The method of indoor positioning of the present invention comprises:
Step S100, the training data of input tape position mark and without the training data of position mark, described training data forms training dataset.
Step S200, according to without the training data of position mark with the similarity relation between the training data of position mark, drawn without position mark corresponding to the training data of position mark by the position mark with the training data of position mark, make described training data concentrate whole training datas to have position mark.
Step S300 adopts the supervised learning method to be located by described training dataset and waits to set the goal.
Better, described step S200 further is,
Step S210, the adjacent map of the signal strength signal intensity vector similarity relation of all training datas of structure expression carries out Eigenvalues Decomposition to described in abutting connection with Laplacian matrix of graphs, characteristic vector composition characteristic vector space;
Step S220 makes up the grader on the described characteristic vector space, finds the solution the parameter of grader according to the position mark with the training data of position mark, is drawn described without position mark corresponding to the training data of position mark by grader.
The embodiment of the inventive method is as described below.
The inventive method need to gather a small amount of training data with position mark, utilize simultaneously a large amount of relatively low nothings of cost that gather with the training data of position mark, utilize the relation of all training datas on the characteristic vector space of Laplacian Matrix, train the location model with certain generalization ability.By forming training dataset with the training data of position mark with without the training data of position mark; Carry out spectral factorization by the adjacent map that all training datas are consisted of, spectral factorization is for to carry out Eigenvalues Decomposition to the adjacency Laplacian matrix of graphs, obtain the expression of all training datasets on characteristic vector space, then according to the constant principle of the position mark of identical data node on different representation spaces, know the position mark of training data on characteristic vector space with position mark, according to the position mark with the training data of position mark the training data without position mark is carried out mark, thereby obtain one entirely with the training dataset of position mark.
The method may further comprise the steps:
Step S101, the training data of input tape position mark and without the training data of position mark, those training datas form training datasets.

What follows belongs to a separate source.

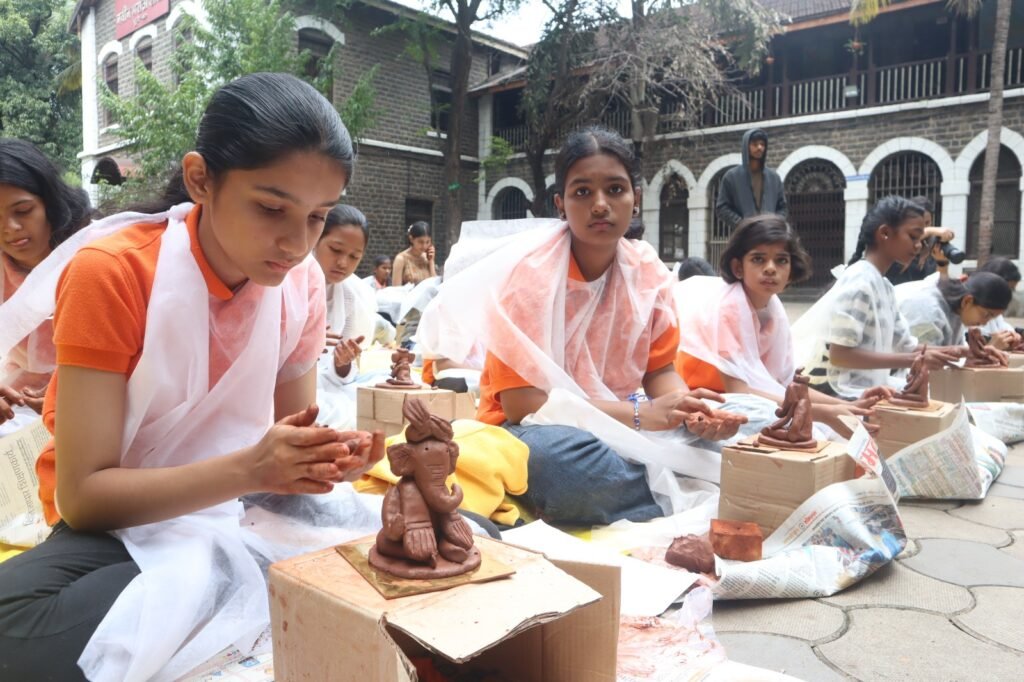 पुणे : मातीच्या गोळ्यापासून आपल्या मनातील लाडक्या गणपती बाप्पाची मूर्ती घडविण्याचा अनुभव घेत जय गणेश पालकत्व योजनेतील विद्यार्थ्यांनी पर्यावरणपूरक गणेशमूर्ती घडविल्या. पर्यावरणाचे रक्षण करू… पर्यावरणपूरक मूर्तीचे पूजन करू… असे सांगत ‘पर्यावरणपूरक गणेशोत्सव’ साजरा करण्याचा संदेशच विद्यार्थ्यांनी दिला.

Training dataset is S={ldata, udata}, wherein ldata={fLab, RSS} is the training data with position mark, fLabBe position mark corresponding to this training data, RSS be this training data corresponding signal strength signal intensity vector, udata={fUnlal, RSS} is the training data without position mark, RSS is signal strength signal intensity vector corresponding to this training data, fUnlabBe estimated position mark corresponding to this training data.
Step S201, the adjacent map of the signal strength signal intensity vector similarity relation of all training datas of structure expression.

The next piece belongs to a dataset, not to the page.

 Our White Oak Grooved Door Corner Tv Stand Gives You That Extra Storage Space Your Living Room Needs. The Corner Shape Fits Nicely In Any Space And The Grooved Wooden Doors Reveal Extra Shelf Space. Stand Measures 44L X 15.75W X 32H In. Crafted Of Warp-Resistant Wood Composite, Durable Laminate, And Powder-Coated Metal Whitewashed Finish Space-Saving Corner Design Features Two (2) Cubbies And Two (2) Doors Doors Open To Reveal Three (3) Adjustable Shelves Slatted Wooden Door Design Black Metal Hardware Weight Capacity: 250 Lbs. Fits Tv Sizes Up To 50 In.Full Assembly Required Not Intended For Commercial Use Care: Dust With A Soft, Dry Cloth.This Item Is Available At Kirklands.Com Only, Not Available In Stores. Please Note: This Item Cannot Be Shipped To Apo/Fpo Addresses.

Adjacent map is expressed as G (V, E), and V is node, and E is the limit.Wherein, set of node is all training datas, comprises l with training data and u the training data without position mark of position mark, and the limit collection E between the node is the nonnegative value matrix W of (l+u) * (l+u), wherein wIjRepresent the syntople between i training data and j the training data, this syntople is measured according to the similarity between the signal strength signal intensity vector of training data.
Make up the embodiment one of adjacent map
According to all training datas, comprise with the training data of position mark with without the training data of position mark, adopt the mode of k arest neighbors to make up adjacent map G (V, E).
It is described that the mode of employing k arest neighbors makes up being implemented as follows of adjacent map.
Be w with the weights of any two nodesIj>0.
According to RSSiWith RSSjBetween distance on signal strength space, adopt the mode of gaussian kernel function to compose power.
Gaussian kernel function is,
Wherein, RSSiBe the signal strength signal intensity of training data i, RSSjBe the signal strength signal intensity of training data j, d (RSSi, RSSj) expression training data the distance on signal strength space, σ is the window coefficient of gaussian kernel function.The distance of training data on signal strength space be || RSSj-RSSi||.
For each node, according to the weights of this node, other nodes except this node are pressed from big to small arranged sequentially, choose a front k node as the neighbours of this node, k is the integer greater than 0; Node connects with its neighbours, constructs adjacent map.
Make up the embodiment two of adjacent map
Adopt full method of attachment to make up adjacent map, adjacency all between any two training datas.
The distance of training data on signal strength space be || RSSj-RSSi||.
According to RSSiWith RSSjBetween distance on signal strength space, adopt the mode of gaussian kernel function to compose power
Wherein, d (RSSi, RSSj) distance of expression training data on signal strength space, σ is the window coefficient of gaussian kernel function.
Step S202 calculates in abutting connection with Laplacian matrix of graphs.
Calculating is in abutting connection with the embodiment one of Laplacian matrix of graphs
On the basis of adjacent map G (V, E), the calculating Laplacian Matrix is L=D-W, and wherein D is the weights degree diagonal matrix of node, and W is the weight matrix on adjacent map limit.
Weights degree diagonal matrix is D={dIi=∑jwIj, represent the diagonal matrix that all limit weights sums relevant with node consist of.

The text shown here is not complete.